One could perhaps, therefore, argue that the greatest utility from the study comes from focusing on the group with exercise-induced breathlessness who completed comprehensive objective testing (n=83). In this group, just under half had evidence of EIB, while EILO was present in one in ten.

These findings are broadly in line with other studies using similar methodology; most notably the work by Nielsen et al,2 who demonstrated a higher case prevalence of EILO of 35%, although in a slightly older cohort of trained athletic individuals. Moreover, the studies align in highlighting the fact that there is a real and distinct overlap between the presence of EIB and EILO, that is, in the current study half of those with evidence of EILO also had EIB. This is important for clinical practice and is likely to be equally applicable in older and certainly less athletic populations, where it is recognised that ‘treatment refractory’ exertional symptoms in those with asthma may arise from coexistent EILO.15

A further important finding from the study9 is that, despite robust objective testing, nearly half of those with breathlessness were left without a diagnosis. As the authors point out, this is in keeping with prior studies evaluating exertional dyspnoea in the young2 ,13 and may be explained by perceptual amplification, de-conditioning or perhaps unrecognised dysfunctional breathing.16 The key point, however, is that worryingly, yet in keeping with the prior published work in the field, almost half of this group was prescribed inhaler therapy.
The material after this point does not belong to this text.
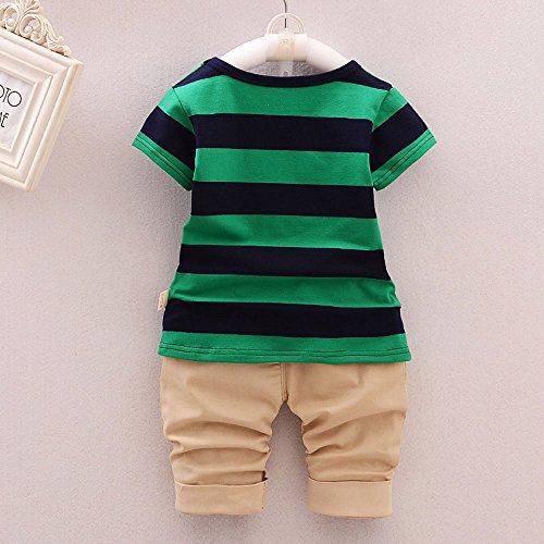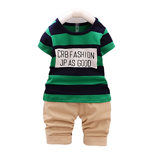 【SEBLES】ベビー 赤ちゃん 男の子 ラウンドネック ボーダー Tシャツ 無地 パンツ チノパン ズボン ボトムス コットン 綿 コットン ツーピース セット 夏 春(タイプB,120cm)

So where does this leave the clinician? Clearly, it is of concern to see an ongoing signal to suggest that young individuals with breathlessness continue to be mislabelled and mistreated. The side effect profile and potential deleterious impact of regular β-2 agonist therapy17 surely underlines the importance of moving forward from a ‘suck it and see’ approach. In addition, the timely and accurate recognition of EILO facilitates delivery of targeted treatment, including consideration for surgical intervention.18

Further work is clearly needed to understand the causes of exertional breathlessness in the young and the place and utility of simple less-invasive means for accurate diagnosis. Indeed, there is an uncanny parallel with the arguments made by advocates in favour of simple objective assessment of airway inflammation;19 perhaps the key message being that we need to accept that more objective testing is needed to facilitate precision.

In this respect, it is encouraging to see work from the IMPRESS Group for the British Thoracic Society (http://www.impressresp.com) and the National Institute of Health and Care Excellence Asthma diagnosis and monitoring guideline development group (https://www.nice.org.uk/Guidance/InDevelopment/GID-CGWAVE0640); acting to place early and accurate diagnosis at the forefront of UK respiratory practice. After all, surely it is high time that patients with exertional breathlessness exercise their right to a correct diagnosis and treatment.